WHAT TO DO: Every line of the material must be restated exactly, though not its pictures.

INFORMATION SHOWN:
[Start of Attachment]

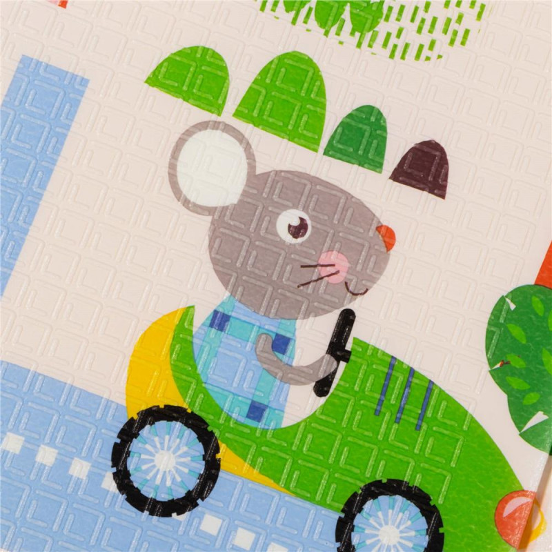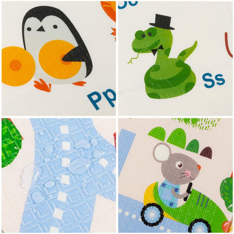 Aditional: reversibil, impermeabil, pliabil, usor de curatat, antiderapant Modelele frumoase in culori vii decoreaza minunat camera copilului dumneavoastra, inlocuind covorul. Va ajuta atunci cand invata sa se tarasca, sa mearga sau sa se joace in siguranta. Un mare avantaj al covorasului educational este rezistenta la apa si suprafata sa antiderapanta, in relief. Materialul din care este confectionat covorasul este extrem de rezistent pentru a asigura o durata de viata lunga. Acesta are un model antiderapant, in relief, iar grosimea sa special selectata izoleaza perfect de podeaua rece si dura. Densitatea si elasticitatea mult mai mare a spumei XPE amortizeaza orice cadere.
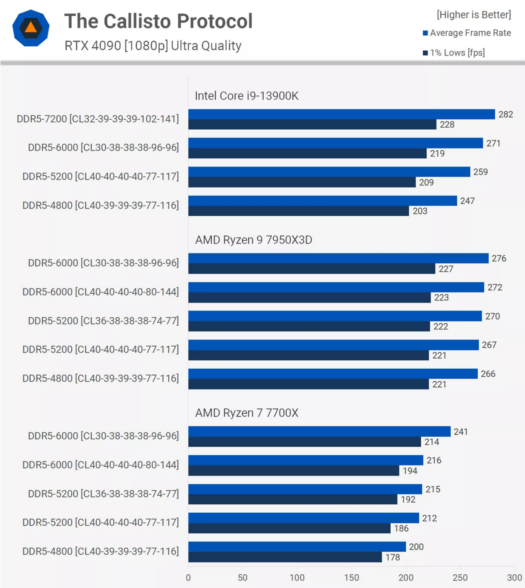 마지막으로 우리는 Callisto 프로토콜을 가지고 있으며 여기에서 13900K는 5200에서 6000 메모리로 업그레이드할 때 평균 프레임 속도가 5% 증가한 반면 7700X는 훨씬 더 실질적인 14% 향상을 보였습니다.
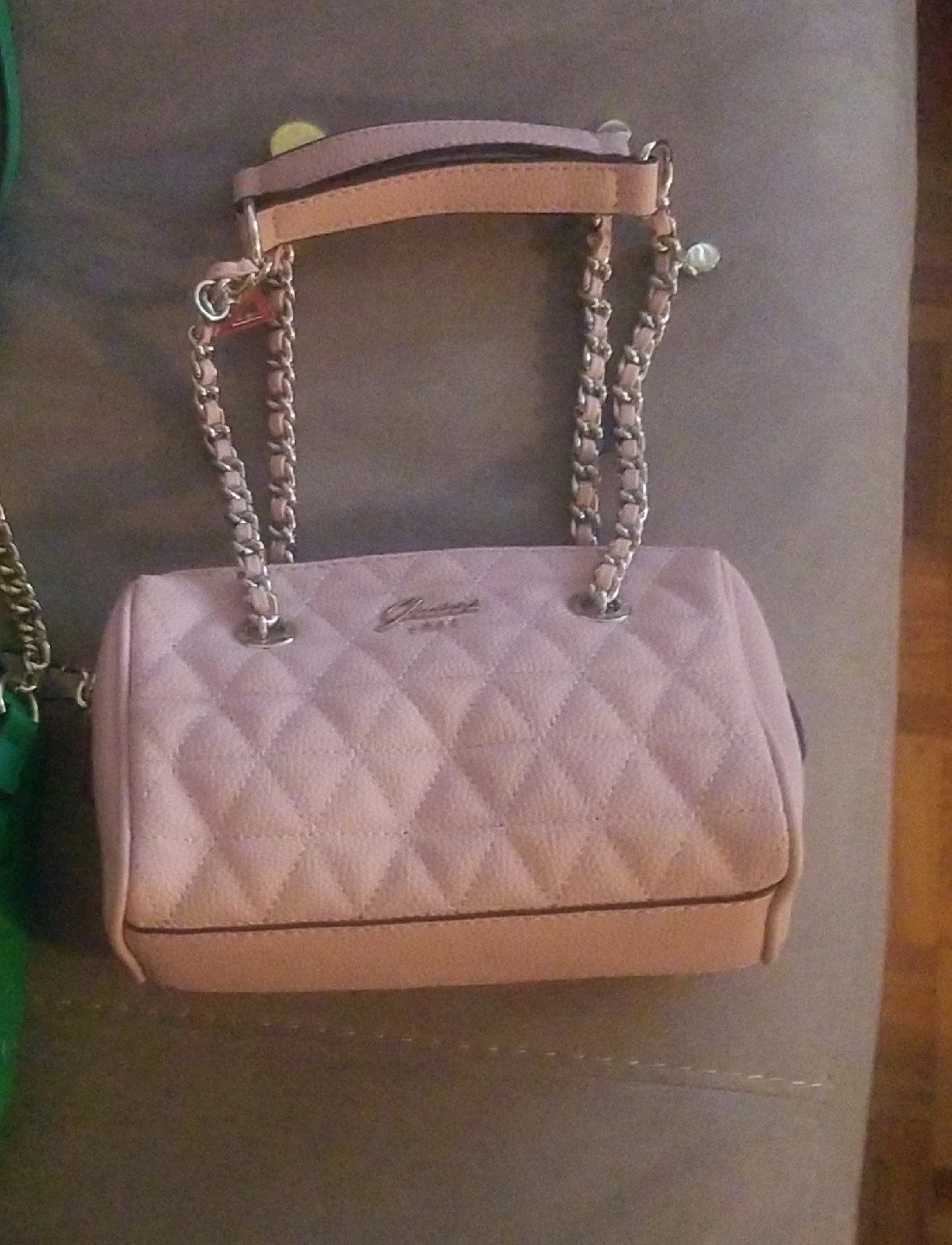 Selling a cute mini Guess handbag in a lovely shade of pink! It features a quilted design and chain straps. Perfect for adding a touch of style to any outfit

[End of Attachment]

ANSWER FOR THIS EXERCISE:
 Aditional: reversibil, impermeabil, pliabil, usor de curatat, antiderapant Modelele frumoase in culori vii decoreaza minunat camera copilului dumneavoastra, inlocuind covorul. Va ajuta atunci cand invata sa se tarasca, sa mearga sau sa se joace in siguranta. Un mare avantaj al covorasului educational este rezistenta la apa si suprafata sa antiderapanta, in relief. Materialul din care este confectionat covorasul este extrem de rezistent pentru a asigura o durata de viata lunga. Acesta are un model antiderapant, in relief, iar grosimea sa special selectata izoleaza perfect de podeaua rece si dura. Densitatea si elasticitatea mult mai mare a spumei XPE amortizeaza orice cadere.
 마지막으로 우리는 Callisto 프로토콜을 가지고 있으며 여기에서 13900K는 5200에서 6000 메모리로 업그레이드할 때 평균 프레임 속도가 5% 증가한 반면 7700X는 훨씬 더 실질적인 14% 향상을 보였습니다.
 Selling a cute mini Guess handbag in a lovely shade of pink! It features a quilted design and chain straps. Perfect for adding a touch of style to any outfit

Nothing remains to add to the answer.